The apparent smoothed trends we see above are only features of the length of the graph. They tell us nothing about longer term trends (well, they can’t, there aren’t any…).

Scale and Granularity

The above are actually clips from runs of 10,000 points. If we look at these longer ones, we can see similar effects: at no point do we start getting an overall smoothing, as the more steps we have, the more likely we are to have long runs of apparently biased direction. Here’s the first and third longer runs (the second is above):

(bear in mind the Y axis scales are different)

So What?

There is no ‘natural’ scale where a noisy-looking system can be smoothed out to. It is tempting to look at the data you have in front of you and fit a trend-line, but without more knowledge behind that data, that trend says nothing about any underlying one without something more.

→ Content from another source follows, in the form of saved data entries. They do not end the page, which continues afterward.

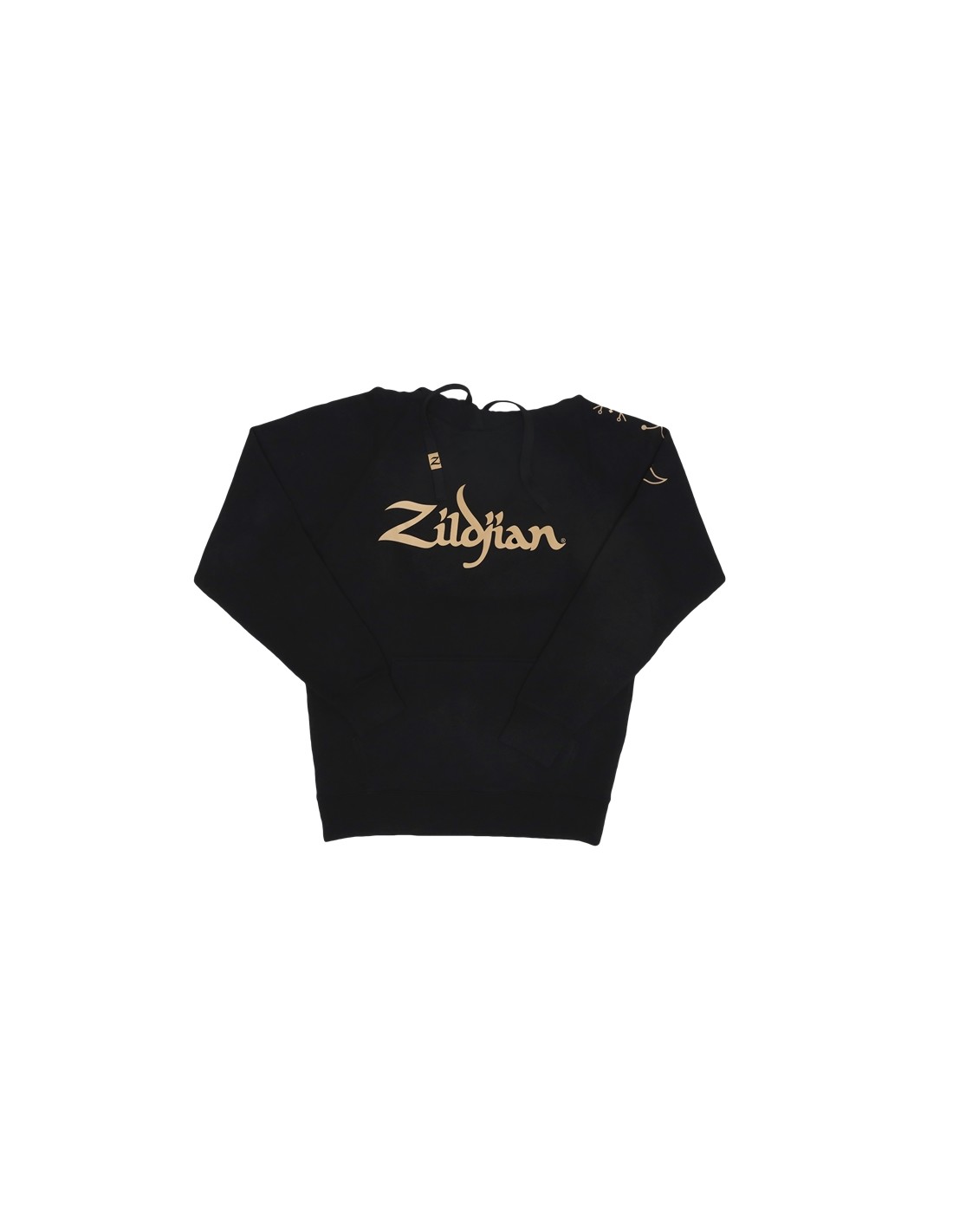 Rindiendo homenaje al fundador Zildjian Avedis I, esta sudadera con capucha ultra cómoda presenta símbolos de alquimia de cobre, estaño y plata (los elementos de aleación de la familia Zildjian ) a lo largo del brazo izquierdo y un logotipo dorado Zildjian en el frente. Esta resistente sudadera negra tipo pulóver está confeccionada con una mezcla de vellón súper suave y tiene cordones negros gruesos con una etiqueta Z tejida y un bolsillo tipo canguro. Disponible en tallas unisex desde XS a 3XL, esta sudadera con capucha cálida y cómoda es imprescindible para cualquier fanático de los platillos Zildjian .
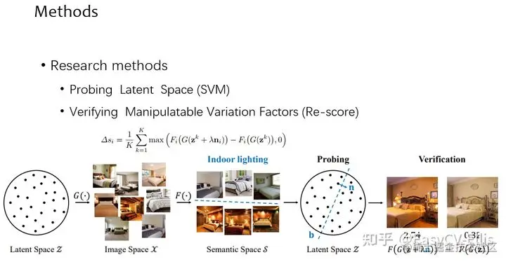 找潜在空间中的direction。具体的方法就是SVM,在 GAN 的 latent space 中,每个点对应着 image space 中的一张图片,同时也对应着潜在空间中的多种语义。Sample 一定量的图片后,用预训练好的分类器去获取他们对应的不同语义(对于某个属性,每个点代表的图片是属于哪一类值),接着对于某个属性,用一个 SVM 在 latent space 中学一个超平面,得到支持向量 n(可以分割开针对该属性属于不同类的样本),n作为我们的direction,和 InterfaceGAN 的方法几乎一样,不过 InterfaceGAN 处理的对象是 face,face 是容易定义的,而本文处理的是 scene,scene 的变化是很大的。
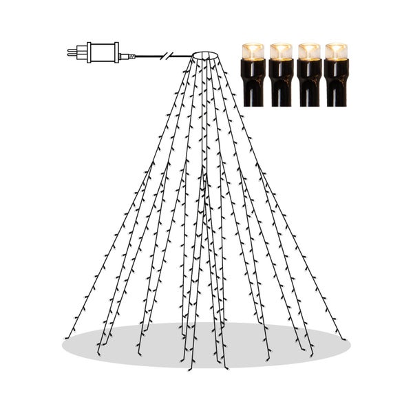 Outdoor Baummantel-Lichterkette ,Shiny Warm White', 8 x 2m lange Licht-Stränge, 360 warmweiße LEDs Überwurf-Lichterkette mit zahlreichen, warmweißen LEDs für eine gleichmäßige Verteilung der einzelnen Lichter am Weihnachtsbaum Entdecke die vielseitige Baummantel-Lichterkette ,Shiny Warm White' mit 360 warmweißen LEDs, perfekt für die stimmungsvolle Beleuchtung von Innen- und Außenbereichen. Diese stromnetzbetriebene Überwurflichterkette verleiht dem Outdoor-Weihnachtsbaum eine gleichmäßige Beleuchtung und sorgt für eine ästhetische Beleuchtungsmöglichkeit von Bäumen. Ideal für Gärten, Balkone oder gemütliche Innenräume.
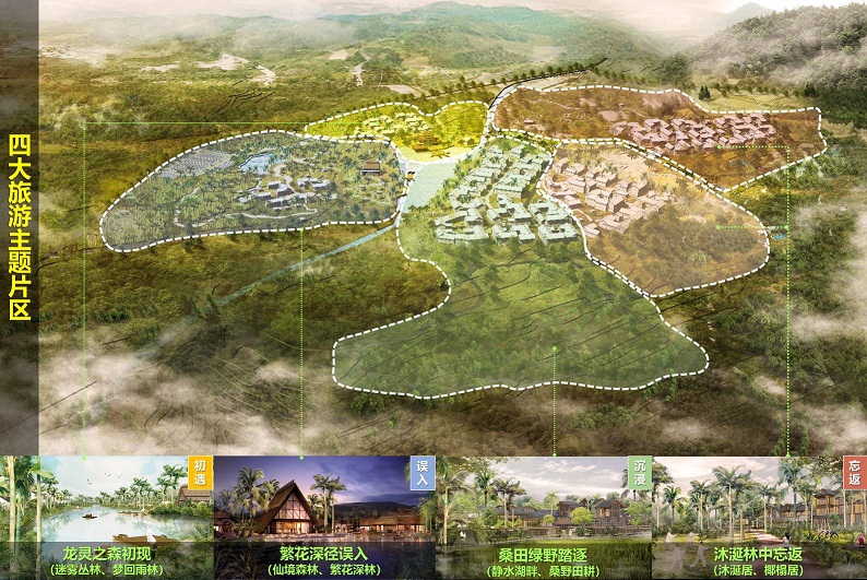 四大旅游主題片區分別為“龍靈之森初現”、“繁花深徑誤入”、“桑田綠野踏逐”、“沐涎林中忘返”,包含“迷霧叢林”、“夢回雨林”、“童話森林”、“繁花之徑”、“桑野田耕”、“龍涎之林”、“椰泉之林”、“有氧深林”八大體驗區。

We need either long enough observations to establish a pattern, and/or enough knowledge about the mechanics of the thing being recorded that we can relate features and trends in the data set to known changes in those mechnics.

For example, if someone’s body temperature is unusually high and increasing, we should worry. We should probably do more than just worry, but it’s not something to ignore because it might be random; I don’t know how the body works in detail, but I do know what a body temperature behaves like; it’s been observed so many times and for so long that patterns have been established, even if working knowledge has not.

So… Global Temperature…

So, yes, the next examples come from my favourite subject, Global Warming, because some people seem to have forgotten that it’s not enough to draw a straight lines through data and imply things about the future from it:

(IPCC showing how trends were increasing in the run up to their 2007 report, Working Group 1, chapter 3)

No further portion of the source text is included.